_About this task:_
Leave out the pictures, and reproduce exactly the lines from the line containing "За даними слідства, суддя" through the final line of the entries.

====== Supplied entries ======

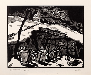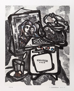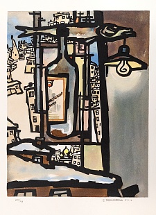 Линогравюра, литография в три цвета (чёрный и два цвета фоновых) Бумага Arches 300 gr. Франция. Тираж 50 экземпляров
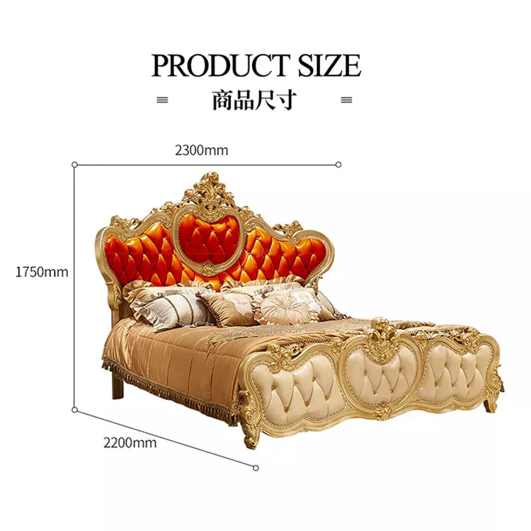 Aristokrat Bett Italienisches Leder Luxus Champagner Handgeschnitzt
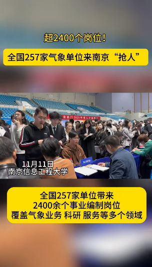 #南京本土视频新闻最快发布 【超2400个岗位!全国257家气象单位来南京“抢人”】今天,全国气象部门2025年度人才招聘会走进南京信息工程大学。远洋导航、⽣态环境、信息技术、数学物理……今年,气象行业对跨学科、复合型人才需求更加旺盛。
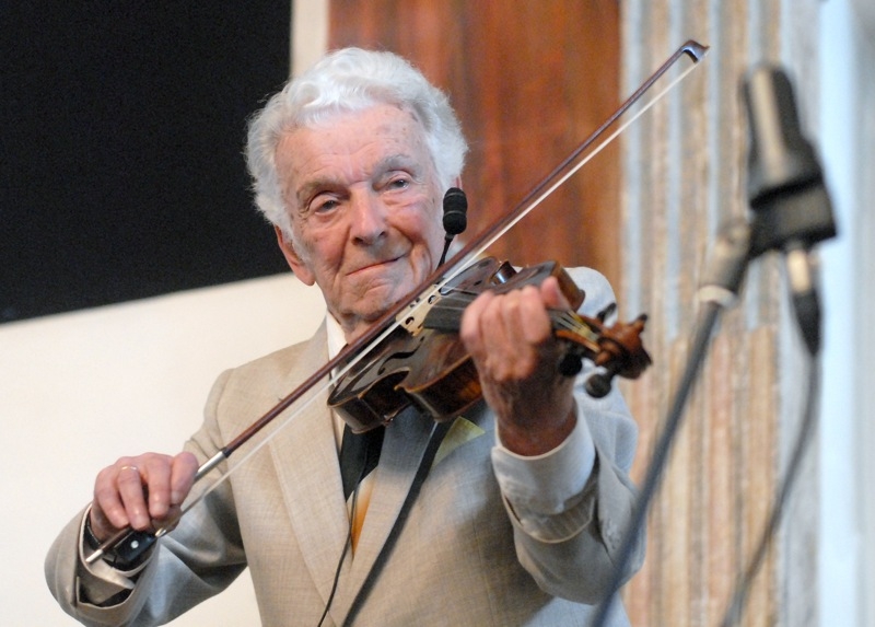 Alfred Schreyers repertoar är väldigt bred. Han spelar fiol och sjunger såväl jiddisch sånger som polska hits från åren 1920-30.
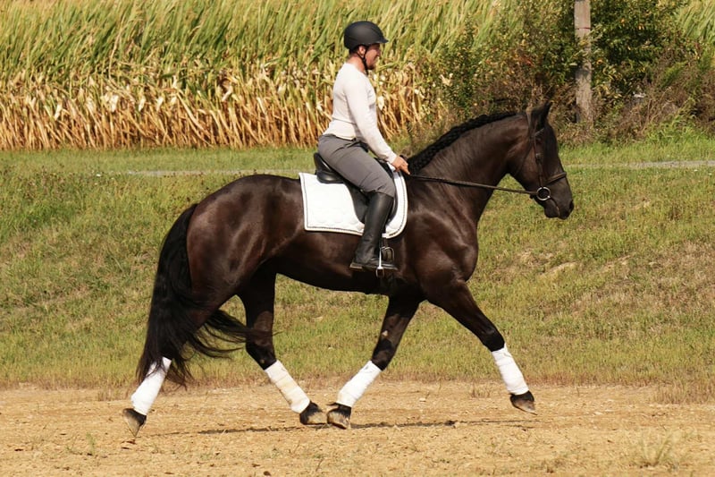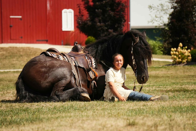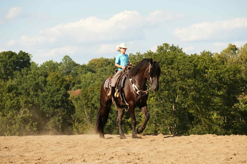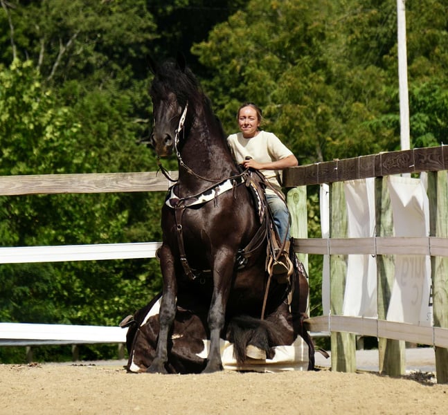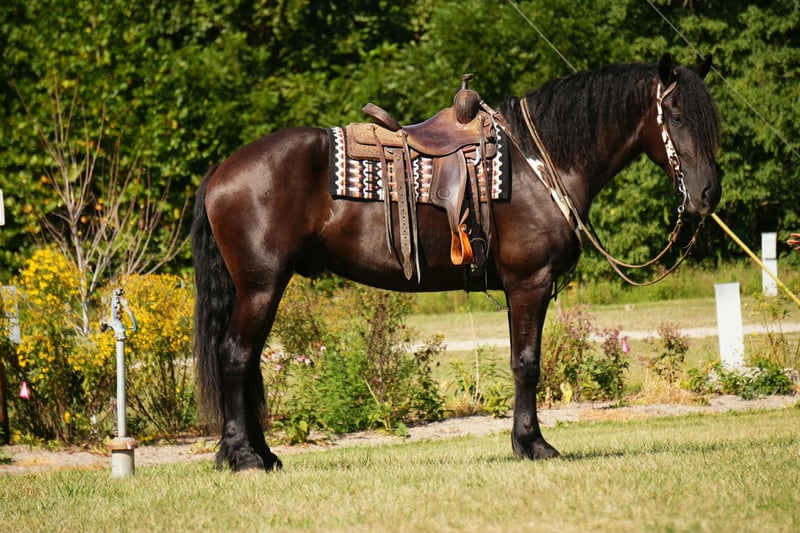 🍂 𝓐𝓾𝓽𝓾𝓶𝓷 𝑨𝑳𝑳 𝑺𝑻𝑨𝑹 𝑳𝑰𝑵𝑬𝑼𝑷 🍂 Happening now thru MONDAY | OCTOBER 6th - Available EXCLUSIVELY on HorseBid's website! For more details and to register visit: www.Horsebid.com CONSIGNOR CONTACT: MW Equine Stables LLC 330-365-0233 LOCATION: Fresno, OH BREED: Friesian/Percheron Cross REGISTERED: No COLOR: Black HEIGHT: 17.2 AGE: 5 GENDER: Gelding 🤩Take a Look at Diego …. You will not find another one like him‼️ Diego is a 5 year-old 50% Friesian 50% Percheron cross gelding. He stands around 17.2 hands. If beauty and elegance are what you’re looking for, then Diego is your guy! He has all the beautiful Friesian characteristics. Diego will do anything you ask of him. This is once in a lifetime Opportunity. Not every day do they come along like Diego ! He is quiet, calm, and collective. With his rocking chair canter, and his beautiful, elegant trot, Diego will have everyone noticing you! He is broke to ride and drive the very best . He crosses bridges, walk through the deepest waters, and will jump over the logs . He rides Western, English, bridal-less and drives. Diego also knows a few tricks, like lay down and sit.. He is a complete gentleman to be around whether being handled on the ground or under saddle. Diego makes beautiful, smooth, lead departures, great transitions, takes his lead correctly every time, and is very willing to work for you. He has been exposed to everything on the trails, making him even more prepared for the excitement that happens outside of the Arena. Diego stands crosstied , and patiently waits while bathing and being groomed , and tacked up, and bridal. While riding through town, you can take him anywhere! Down, busy, sidewalks, and streets, through parking lots of vehicles and pedestrians, across bridges, and he will have the same ride every time. On the trails, Diego will keep his rider safe. Gracefully stepping over logs, through creeks, and all kinds of obstacles you might encounter. When going for a carriage ride, Diego is easy to harness and hitch. He is trained, single and double. He will take you down busy highways, Streets , and make you feel like an absolute Rockstar . He looks stunning under harness and has enough style to stand out on the big city streets. If you’re searching for your next all around prospect ,carriage horse, family horse, or trail horse… ☑️Diego checks every box! It is a big world and the opportunities for large gelding are very rare. If you’re in the market for your forever horse, here he is! ☎️ FMI Contact Marcus @ 330-365-0233 Located in Fresno, Ohio …… Nationwide Shipping Available ‼️Feel Free to schedule a ride with Diego at our farm ‼️
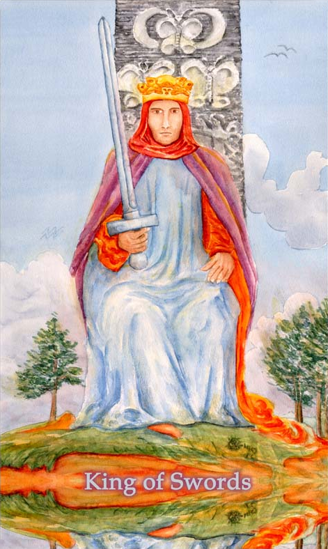 The King of Swords rules with diplomacy and a strong sense of responsibility, not just for himself but also for those around him, yet he is not afraid to make heavy decisions that compel him to eliminate dangers and dangerous opponents with some force.
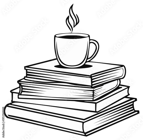 hot drink, cup, drink, beverage, hot, steam, stack, book, literature, reading, education, cognition, study, library, bookshop, learn, novel, textbook, story, author, writer, publication, paperback, hardback, cover, page, chapter, information, collection, classic, story, creative, monochrome, black-and-white, line art, illustration, design, graphic, isolated, art, drawing, vector, outline, symbol
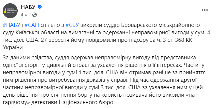 За даними слідства, суддя отримав неправомірний зиск у сумі 4 тисячі доларів від представника однієї зі сторін у цивільній справі за ухвалення рішення на його користь.
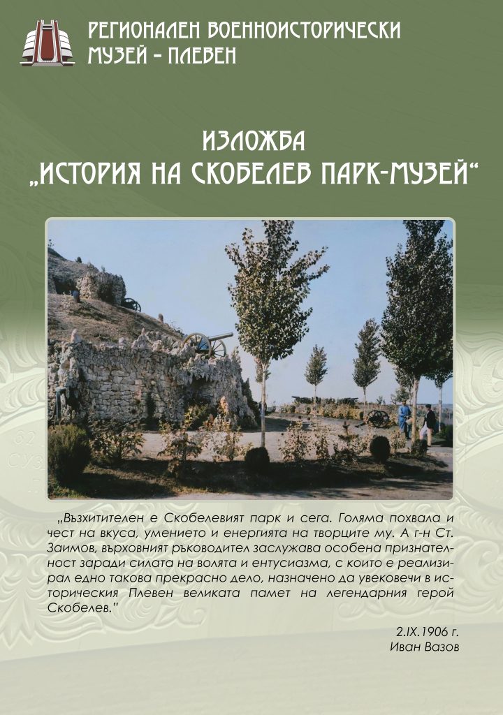 ИзложбиБЛОКАДА И ПОСЛЕДЕН БОЙ ЗА ПЛЕВЕН – 10 ДЕКЕМВРИ 1877 г.25.11.2024 ИзложбиИСТОРИЯ НА СКОБЕЛЕВ ПАРК-МУЗЕЙ08.08.2024 ИзложбиСЪХРАНЕНИТЕ СПОМЕНИ ЗА ВОЙНАТА09.02.2024 ИзложбиГЕРОЙ НА СВОЕТО ВРЕМЕ23.11.2023 ИзложбиВЪЗРОЖДЕНЕЦЪТ ДОСТОЕН ЗА ПЕРОТО НА ДЮМА24.04.2023

======

_Task answer:_
 За даними слідства, суддя отримав неправомірний зиск у сумі 4 тисячі доларів від представника однієї зі сторін у цивільній справі за ухвалення рішення на його користь.
 ИзложбиБЛОКАДА И ПОСЛЕДЕН БОЙ ЗА ПЛЕВЕН – 10 ДЕКЕМВРИ 1877 г.25.11.2024 ИзложбиИСТОРИЯ НА СКОБЕЛЕВ ПАРК-МУЗЕЙ08.08.2024 ИзложбиСЪХРАНЕНИТЕ СПОМЕНИ ЗА ВОЙНАТА09.02.2024 ИзложбиГЕРОЙ НА СВОЕТО ВРЕМЕ23.11.2023 ИзложбиВЪЗРОЖДЕНЕЦЪТ ДОСТОЕН ЗА ПЕРОТО НА ДЮМА24.04.2023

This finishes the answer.